**What needs to be done**
From the line with "在此次调整中为数不多加强的英" down to the final line of the material, please transcribe everything exactly, but leave the pictures out.

**** Task data

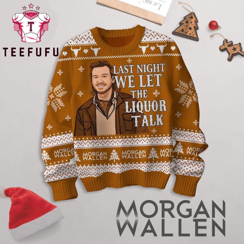 Last Night We Let The Liquor Talk Morgan Wallen Christmas Ugly Sweater Get into the holiday spirit with our Christmas Ugly Sweater. Featuring fun, festive, and eye-catching designs, this cozy sweater is perfect for parties, family gatherings, or holiday photos. Made from soft, warm fabric, it ensures comfort and cheer all season long. A must-have for Christmas fun.
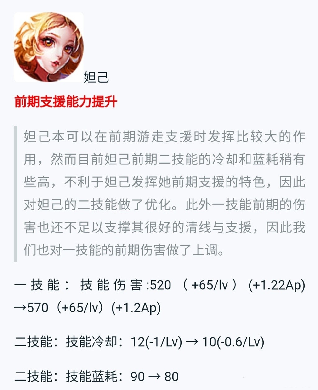 在此次调整中为数不多加强的英雄就是铠和妲己。妲己加强了前期的支援效果,而铠的一技能前期伤害提升,大招格挡效果提升,对于其前期清线支援是一次加强,团战生存能力也加强,这两个英雄胜率估计会有所提升。
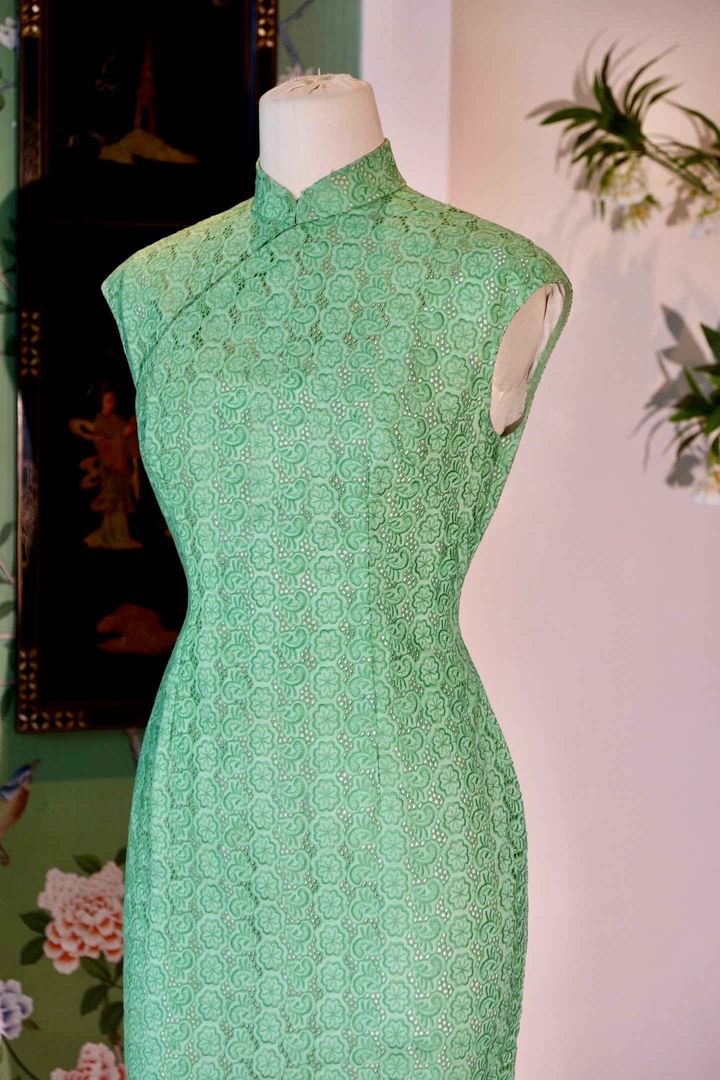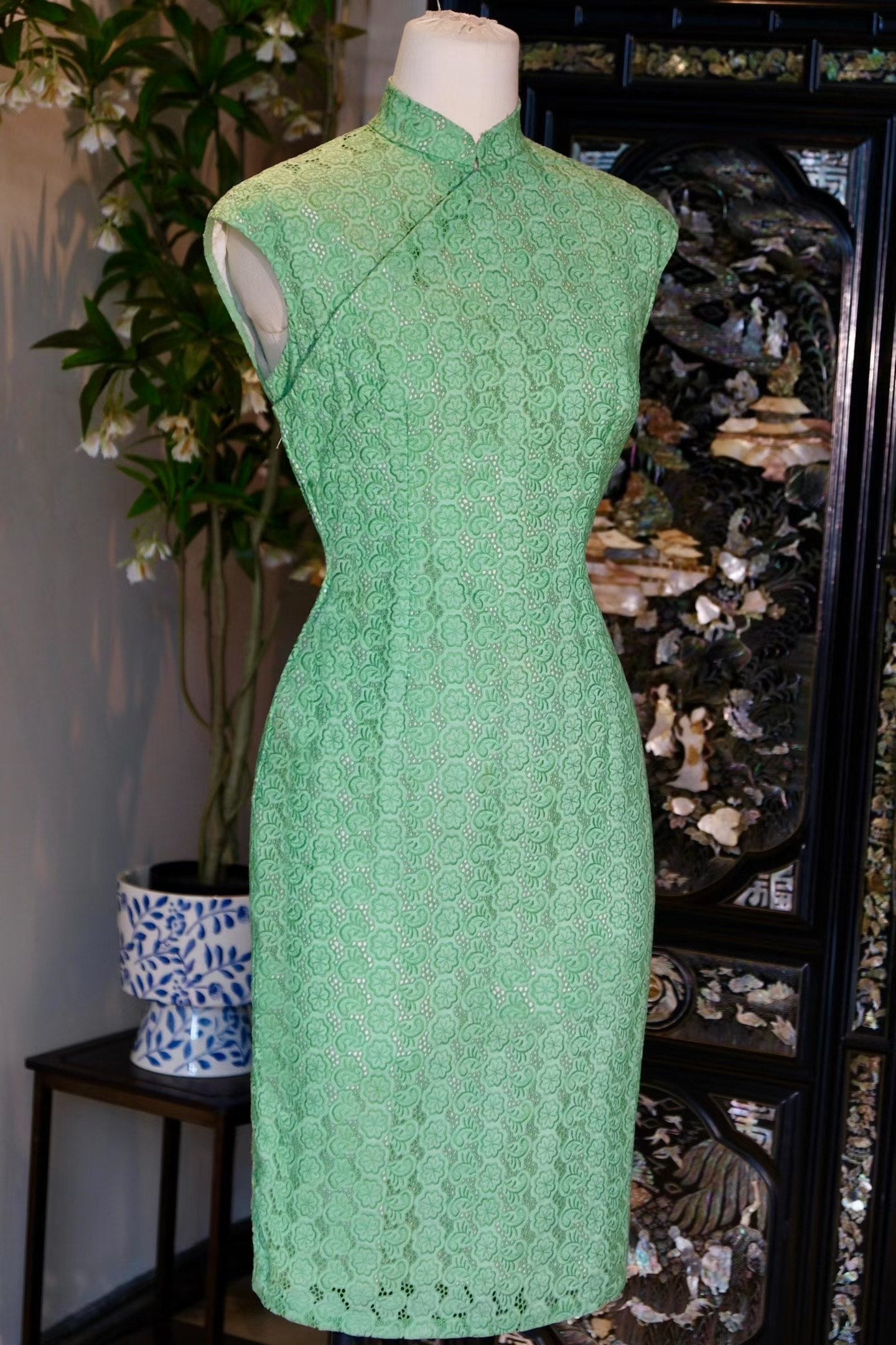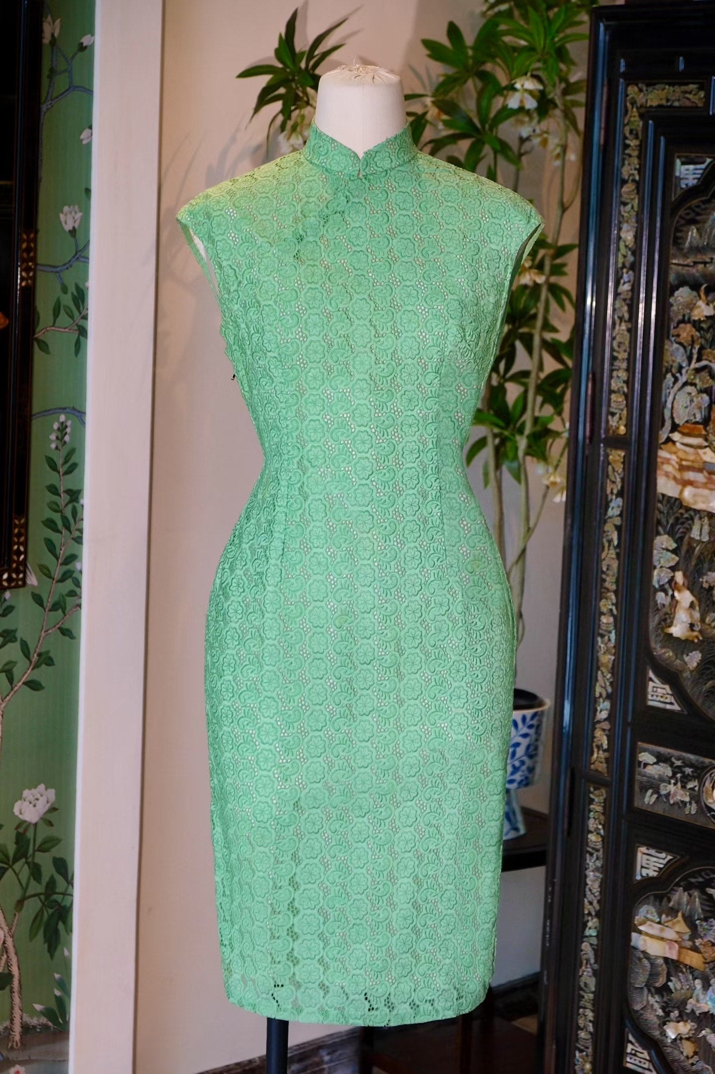 60年代 - 塞纳河畔・鹦哥绿法式蕾丝镂空・三角腰古董港式旗袍 (1960s 新加坡国立博物馆典藏) / 1960s - Seine Rhapsody: Parrot Green French Lace & Triangle Waist Vintage Hong Kong Qipao (1960s National Museum of Singapore Heritage)
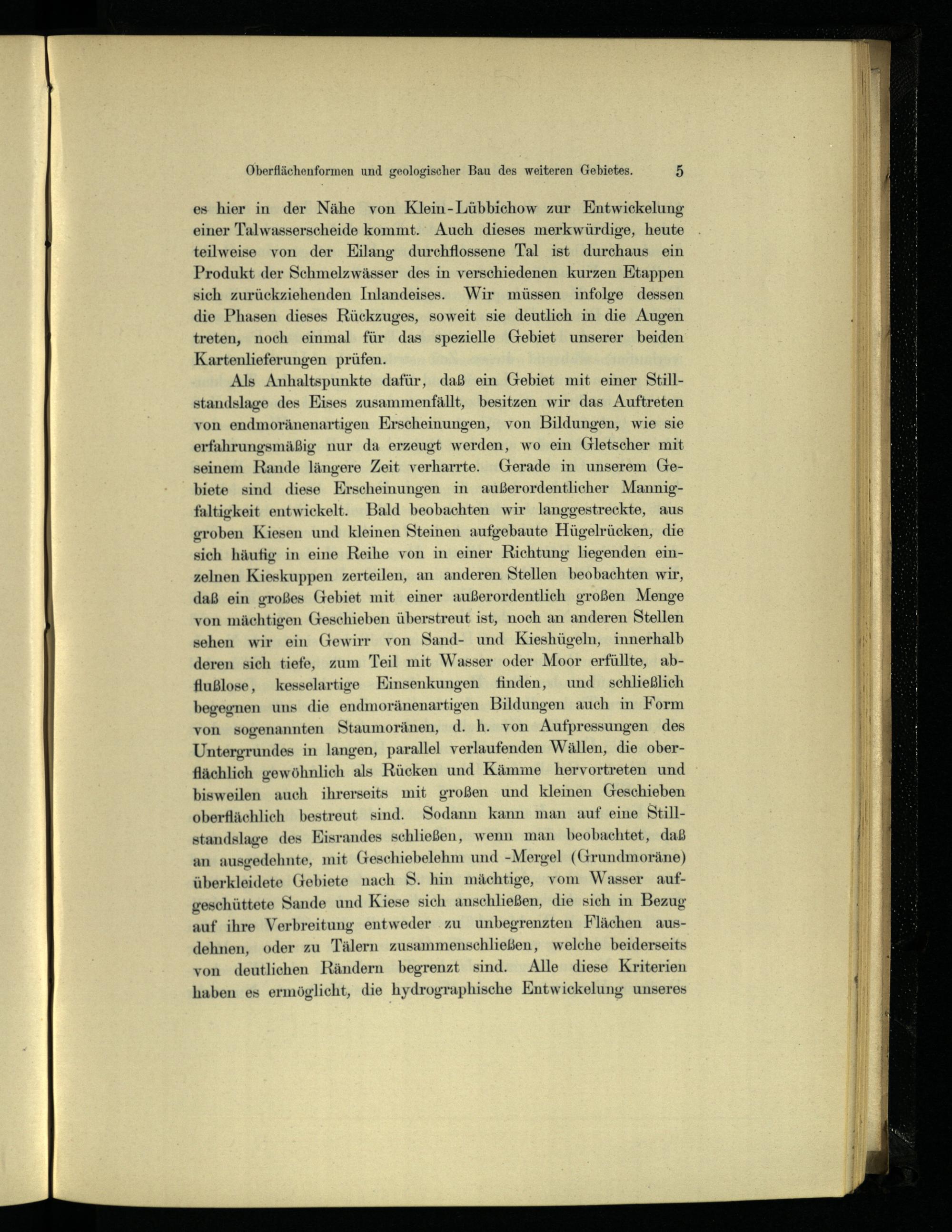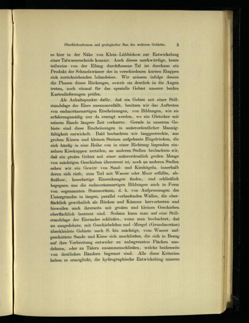 Als Anhaltspunkte dafür, daß ein Gebiet mit einer Stillstandslage des Eises zusammenfällt, besitzen wir das Auftreten von endmoränenartigen Erscheinungen, von Bildungen, wie sie erfahrungsmäßig nur da erzeugt werden, wo ein Gletscher mit seinem Rande längere Zeit verharrte. Gerade in unserem Gebiete sind diese Erscheinungen in außerordentlicher Mannigfaltigkeit entwickelt. Bald beobachten wir langgestreckte, aus groben Kiesen und kleinen Steinen aufgebaute Hügelrücken, die sich häufig in eine Reihe von in einer Richtung liegenden einzelnen Kieskuppen zerteilen, an anderen Stellen beobachten wir, daß ein großes Gebiet mit einer außerordentlich großen Menge von mächtigen Geschieben überstreut ist, noch an anderen Stellen sehen wir ein Gewirr von Sand- und Kieshügeln, innerhalb deren sich tiefe, zum Teil mit Wasser oder Moor erfüllte, abflußlose, kesselartige Einsenkungen finden, und schließlich begegnen uns die endmoränenartigen Bildungen auch in Form von sogenannten Staumoränen, d. h. von Aufpressungen des Untergrundes in langen, parallel verlaufenden Wällen, die oberflächlich gewöhnlich als Rücken und Kämme hervortreten und bisweilen auch ihrerseits mit großen und kleinen Geschieben oberflächlich bestreut sind. Sodann kann man auf eine Stillstandslage des Eisrandes schließen, wenn man beobachtet, daß an ausgedehnte, mit Geschiebelehm und -Mergel (Grundmoräne) überkleidete Gebiete nach S. hin mächtige, vom Wasser auf- geschüttete Sande und Kiese sich anschließen, die sich in Bezug auf ihre Verbreitung entweder zu unbegrenzten Flächen ausdehnen, oder zu Tälern zusammenschließen, welche beiderseits von deutlichen Rändern begrenzt sind. Alle diese Kriterien haben es ermöglicht, die hydrographische Entwickelung unseres
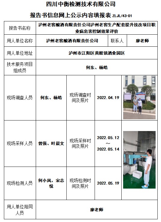 瀘州老窖釀酒有限責任公司瀘州老窖生產配套提升技改項目職業病危害控制效果評價
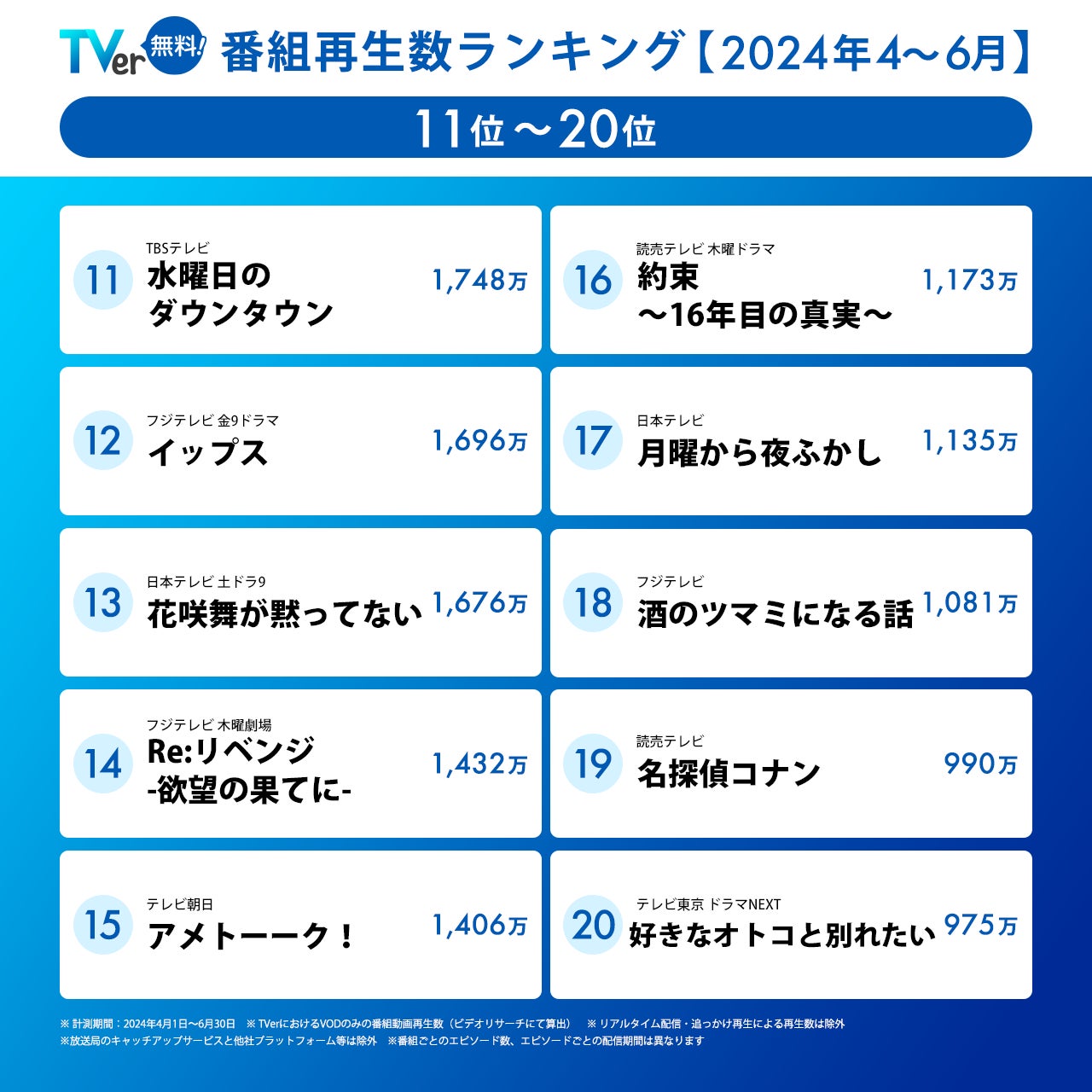 民放公式テレビ配信サービス「TVer(ティーバー)」より、2024年4-6月の全配信番組を対象とした「番組再⽣数ランキング」上位20番組をお知らせします。

********

**Solution below**
 在此次调整中为数不多加强的英雄就是铠和妲己。妲己加强了前期的支援效果,而铠的一技能前期伤害提升,大招格挡效果提升,对于其前期清线支援是一次加强,团战生存能力也加强,这两个英雄胜率估计会有所提升。
 60年代 - 塞纳河畔・鹦哥绿法式蕾丝镂空・三角腰古董港式旗袍 (1960s 新加坡国立博物馆典藏) / 1960s - Seine Rhapsody: Parrot Green French Lace & Triangle Waist Vintage Hong Kong Qipao (1960s National Museum of Singapore Heritage)
 Als Anhaltspunkte dafür, daß ein Gebiet mit einer Stillstandslage des Eises zusammenfällt, besitzen wir das Auftreten von endmoränenartigen Erscheinungen, von Bildungen, wie sie erfahrungsmäßig nur da erzeugt werden, wo ein Gletscher mit seinem Rande längere Zeit verharrte. Gerade in unserem Gebiete sind diese Erscheinungen in außerordentlicher Mannigfaltigkeit entwickelt. Bald beobachten wir langgestreckte, aus groben Kiesen und kleinen Steinen aufgebaute Hügelrücken, die sich häufig in eine Reihe von in einer Richtung liegenden einzelnen Kieskuppen zerteilen, an anderen Stellen beobachten wir, daß ein großes Gebiet mit einer außerordentlich großen Menge von mächtigen Geschieben überstreut ist, noch an anderen Stellen sehen wir ein Gewirr von Sand- und Kieshügeln, innerhalb deren sich tiefe, zum Teil mit Wasser oder Moor erfüllte, abflußlose, kesselartige Einsenkungen finden, und schließlich begegnen uns die endmoränenartigen Bildungen auch in Form von sogenannten Staumoränen, d. h. von Aufpressungen des Untergrundes in langen, parallel verlaufenden Wällen, die oberflächlich gewöhnlich als Rücken und Kämme hervortreten und bisweilen auch ihrerseits mit großen und kleinen Geschieben oberflächlich bestreut sind. Sodann kann man auf eine Stillstandslage des Eisrandes schließen, wenn man beobachtet, daß an ausgedehnte, mit Geschiebelehm und -Mergel (Grundmoräne) überkleidete Gebiete nach S. hin mächtige, vom Wasser auf- geschüttete Sande und Kiese sich anschließen, die sich in Bezug auf ihre Verbreitung entweder zu unbegrenzten Flächen ausdehnen, oder zu Tälern zusammenschließen, welche beiderseits von deutlichen Rändern begrenzt sind. Alle diese Kriterien haben es ermöglicht, die hydrographische Entwickelung unseres
 瀘州老窖釀酒有限責任公司瀘州老窖生產配套提升技改項目職業病危害控制效果評價
 民放公式テレビ配信サービス「TVer(ティーバー)」より、2024年4-6月の全配信番組を対象とした「番組再⽣数ランキング」上位20番組をお知らせします。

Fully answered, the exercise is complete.